● **EXERCISE OBJECTIVE**: Output only the lines of the entries that follow, starting at the one with "以数智科技为代表的新一代信息" and running down to the one with "Улучшенный конвекционный теплообменник", both included and unchanged.

● **DATASET**:
|---|

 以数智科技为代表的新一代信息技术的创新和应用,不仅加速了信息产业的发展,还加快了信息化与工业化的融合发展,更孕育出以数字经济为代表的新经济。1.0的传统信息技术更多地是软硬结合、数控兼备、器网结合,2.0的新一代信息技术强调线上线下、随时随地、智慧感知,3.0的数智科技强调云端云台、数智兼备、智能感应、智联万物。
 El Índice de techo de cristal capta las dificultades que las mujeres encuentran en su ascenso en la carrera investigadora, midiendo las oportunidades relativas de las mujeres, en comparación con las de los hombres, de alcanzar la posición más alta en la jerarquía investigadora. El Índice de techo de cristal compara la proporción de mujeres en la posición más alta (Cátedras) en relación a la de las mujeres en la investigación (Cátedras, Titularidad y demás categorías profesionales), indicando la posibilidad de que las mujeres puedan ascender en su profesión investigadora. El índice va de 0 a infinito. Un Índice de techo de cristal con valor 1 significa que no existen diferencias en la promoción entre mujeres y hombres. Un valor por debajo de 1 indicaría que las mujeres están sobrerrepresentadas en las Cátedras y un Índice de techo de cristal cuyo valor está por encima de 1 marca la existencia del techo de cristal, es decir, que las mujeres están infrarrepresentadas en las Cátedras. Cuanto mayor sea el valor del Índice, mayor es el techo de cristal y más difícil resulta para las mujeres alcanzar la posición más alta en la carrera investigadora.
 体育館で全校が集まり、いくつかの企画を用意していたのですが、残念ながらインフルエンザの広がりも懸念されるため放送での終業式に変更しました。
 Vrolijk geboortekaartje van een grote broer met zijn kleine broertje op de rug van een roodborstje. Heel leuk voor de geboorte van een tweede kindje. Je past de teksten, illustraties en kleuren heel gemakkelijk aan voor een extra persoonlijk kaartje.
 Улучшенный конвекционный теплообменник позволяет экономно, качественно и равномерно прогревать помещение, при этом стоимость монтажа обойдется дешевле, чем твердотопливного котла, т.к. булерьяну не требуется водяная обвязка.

|---|

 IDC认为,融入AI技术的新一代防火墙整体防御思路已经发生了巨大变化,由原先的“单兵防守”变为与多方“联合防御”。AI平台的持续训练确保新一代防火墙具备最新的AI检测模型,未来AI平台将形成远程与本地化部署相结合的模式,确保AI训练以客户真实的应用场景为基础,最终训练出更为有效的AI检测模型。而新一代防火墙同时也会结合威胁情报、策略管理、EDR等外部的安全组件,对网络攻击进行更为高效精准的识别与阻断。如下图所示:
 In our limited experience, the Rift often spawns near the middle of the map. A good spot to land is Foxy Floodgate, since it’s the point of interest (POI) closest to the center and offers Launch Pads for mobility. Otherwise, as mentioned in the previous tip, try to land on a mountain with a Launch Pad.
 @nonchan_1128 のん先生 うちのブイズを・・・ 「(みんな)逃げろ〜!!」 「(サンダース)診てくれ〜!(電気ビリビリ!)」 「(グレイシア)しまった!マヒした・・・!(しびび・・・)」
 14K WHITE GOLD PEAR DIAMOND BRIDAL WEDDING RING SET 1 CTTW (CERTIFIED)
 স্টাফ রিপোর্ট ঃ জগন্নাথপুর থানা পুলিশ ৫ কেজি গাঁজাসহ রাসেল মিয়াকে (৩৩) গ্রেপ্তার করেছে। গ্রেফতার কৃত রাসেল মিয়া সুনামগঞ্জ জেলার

|---|

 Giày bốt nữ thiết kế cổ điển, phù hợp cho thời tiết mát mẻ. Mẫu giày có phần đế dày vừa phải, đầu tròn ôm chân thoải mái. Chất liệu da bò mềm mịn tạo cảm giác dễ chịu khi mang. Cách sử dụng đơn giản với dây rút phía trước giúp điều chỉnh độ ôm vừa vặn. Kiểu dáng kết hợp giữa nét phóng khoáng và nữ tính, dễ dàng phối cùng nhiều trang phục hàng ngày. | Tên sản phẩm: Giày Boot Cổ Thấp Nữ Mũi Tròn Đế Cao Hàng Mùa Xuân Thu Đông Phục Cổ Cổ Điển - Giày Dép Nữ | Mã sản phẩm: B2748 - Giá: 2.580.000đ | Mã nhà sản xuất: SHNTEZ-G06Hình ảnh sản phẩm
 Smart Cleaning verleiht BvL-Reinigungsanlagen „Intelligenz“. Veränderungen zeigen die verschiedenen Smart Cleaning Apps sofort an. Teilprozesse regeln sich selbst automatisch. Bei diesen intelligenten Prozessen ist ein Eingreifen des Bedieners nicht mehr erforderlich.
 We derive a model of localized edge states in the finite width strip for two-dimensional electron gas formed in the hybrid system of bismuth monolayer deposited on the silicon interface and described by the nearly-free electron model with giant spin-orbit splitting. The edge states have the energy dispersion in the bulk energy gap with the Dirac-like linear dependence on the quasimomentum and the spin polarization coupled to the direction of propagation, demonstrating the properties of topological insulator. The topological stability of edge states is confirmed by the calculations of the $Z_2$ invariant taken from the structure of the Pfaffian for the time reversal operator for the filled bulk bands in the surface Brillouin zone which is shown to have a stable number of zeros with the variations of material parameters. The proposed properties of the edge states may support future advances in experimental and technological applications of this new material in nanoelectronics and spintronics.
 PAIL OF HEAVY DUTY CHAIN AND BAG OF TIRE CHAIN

|---|

● **WRITTEN ANSWER**:
 以数智科技为代表的新一代信息技术的创新和应用,不仅加速了信息产业的发展,还加快了信息化与工业化的融合发展,更孕育出以数字经济为代表的新经济。1.0的传统信息技术更多地是软硬结合、数控兼备、器网结合,2.0的新一代信息技术强调线上线下、随时随地、智慧感知,3.0的数智科技强调云端云台、数智兼备、智能感应、智联万物。
 El Índice de techo de cristal capta las dificultades que las mujeres encuentran en su ascenso en la carrera investigadora, midiendo las oportunidades relativas de las mujeres, en comparación con las de los hombres, de alcanzar la posición más alta en la jerarquía investigadora. El Índice de techo de cristal compara la proporción de mujeres en la posición más alta (Cátedras) en relación a la de las mujeres en la investigación (Cátedras, Titularidad y demás categorías profesionales), indicando la posibilidad de que las mujeres puedan ascender en su profesión investigadora. El índice va de 0 a infinito. Un Índice de techo de cristal con valor 1 significa que no existen diferencias en la promoción entre mujeres y hombres. Un valor por debajo de 1 indicaría que las mujeres están sobrerrepresentadas en las Cátedras y un Índice de techo de cristal cuyo valor está por encima de 1 marca la existencia del techo de cristal, es decir, que las mujeres están infrarrepresentadas en las Cátedras. Cuanto mayor sea el valor del Índice, mayor es el techo de cristal y más difícil resulta para las mujeres alcanzar la posición más alta en la carrera investigadora.
 体育館で全校が集まり、いくつかの企画を用意していたのですが、残念ながらインフルエンザの広がりも懸念されるため放送での終業式に変更しました。
 Vrolijk geboortekaartje van een grote broer met zijn kleine broertje op de rug van een roodborstje. Heel leuk voor de geboorte van een tweede kindje. Je past de teksten, illustraties en kleuren heel gemakkelijk aan voor een extra persoonlijk kaartje.
 Улучшенный конвекционный теплообменник позволяет экономно, качественно и равномерно прогревать помещение, при этом стоимость монтажа обойдется дешевле, чем твердотопливного котла, т.к. булерьяну не требуется водяная обвязка.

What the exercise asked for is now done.